The case of the DLL that refuses to load

A customer reported that they had a problem that occurred only on some machines but not others. Their application called


and the call succeeded on some machines, but failed on others with error ERROR_MOD_NOT_FOUND ("The specified module could not be found"). The path was a fully-qualified path to a file that was confirmed to exist and be readable.

strModule = 0x09e875b4 "C:\Users\Bob\Desktop\CopyAndRun\Contoso.dll"

If the sxe ld Contoso.dll command was used in the debugger to break when the DLL loads, the breakpoint does fire, but a breakpoint on Contoso's Dll­Main is never hit. "I think this means that the problem is not that Contoso failed to initialize, but what does it mean?"

If you get a break from sxeld but no breakpoint on Dll­Main, then it means that the DLL was found but couldn't be loaded. You can use loader snaps will tell you what went wrong. "My psychic powers tell me that a dependent DLL could not be found or initialized."

The customer replied, "Ah, of course. We'll look into that."

A short while later, they confirmed the diagnosis. "The Contoso DLL was dependent on a version of the C runtime library that was not installed on the machines where it failed to load. But as a follow-up question: I would have expected that the standard The program can't start because XYZ is missing from your computer. dialog to appear in this case. Why isn't it?"

The reason is there in the error message: The "missing file" error message is shown only when a program cannot start due to a missing file. Specifically, it is raised by the loader only during the initial DLL resolution phase that occurs as part of process initialization. These are the DLLs linked implicitly via the module header because you linked against kernel32.lib, for example. DLLs loaded explicitly via Load­Library do not display this error message; instead, the error is returned back to the program, where it is expected to take appropriate recovery steps. By comparison, if DLL resolution fails during process initialization, there is nowhere to return the failure code. You can't return it to the program since the program isn't running yet. The only place to put the error is on the screen.

Comments (17)
  1. MC says:

    I use SysInternals ProcessMonitor utility to diagnose this sort of problem at least once a month.     The last time it was the Oracle libraries needed a version of the MS C runtime that wasn't installed (in the path).  

  2. Thorsten says:

    Somewhat annoying is that when loader shows the "missing file" dialog during the initial loading of the application it uses internal knowledge that is simply not available when calling LoadLibrary.

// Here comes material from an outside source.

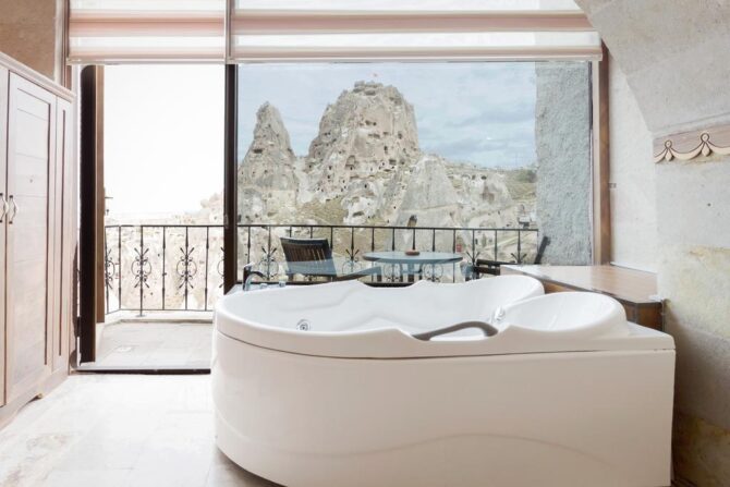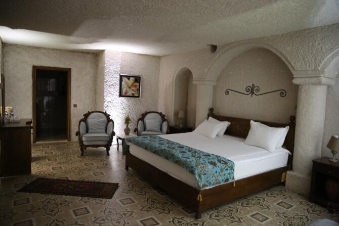 hermes-cave-hotel (Лучшие отели Турции для детей)В номерах имеется спутниковое телевидение с детскими каналами, зона отдыха, современная бытовая техника, необходимая посуда. Из окон открывается завораживающий вид на горные вершины.

    If the start of the application fails because a DLL is missing that's 4 dependencies away from the application image, it still tells you exactly what file is missing. But if you call LoadLibrary and a DLL is missing that's 3 dependencies away from the the DLL you are trying to load, all you get is an error code telling you it couldn't load the DLL, not why. There probably should be a version of LoadLibrary that returns a more detailed description of the nature of the error than just an error code.

  3. Gabe says:

    Having just read the headline, my psychic debugging powers said the problem was that the program was a .Net executable compiled with AnyCPU that tries to load a 32-bit DLL. The systems where it fails would be 64-bit systems.

    Are there any other likely scenarios that cause these symptoms?

  4. Joker_vD says:

    @Gabe: The needed version of the MS Visual C runtime is not installed, and the program was linked against it dynamically (with /MD key).

  5. cheong00 says:

    I found it's easier to just run depwalk (the dependency walker) on the EXE to check all dependency at once. Of course it doesn't work for delay loaded libraries but it usually does do the work. And the best thing is it doesn't require much explanation on how it works, so a decent tool to ask junior collegues to carry when they're sent to site for on-site works.

  6. Gabe says:

    Joker_vD: As Raymond said, if your program is dynamically linked against a version of the CRT that isn't installed, you get an error dialog and your program won't even start.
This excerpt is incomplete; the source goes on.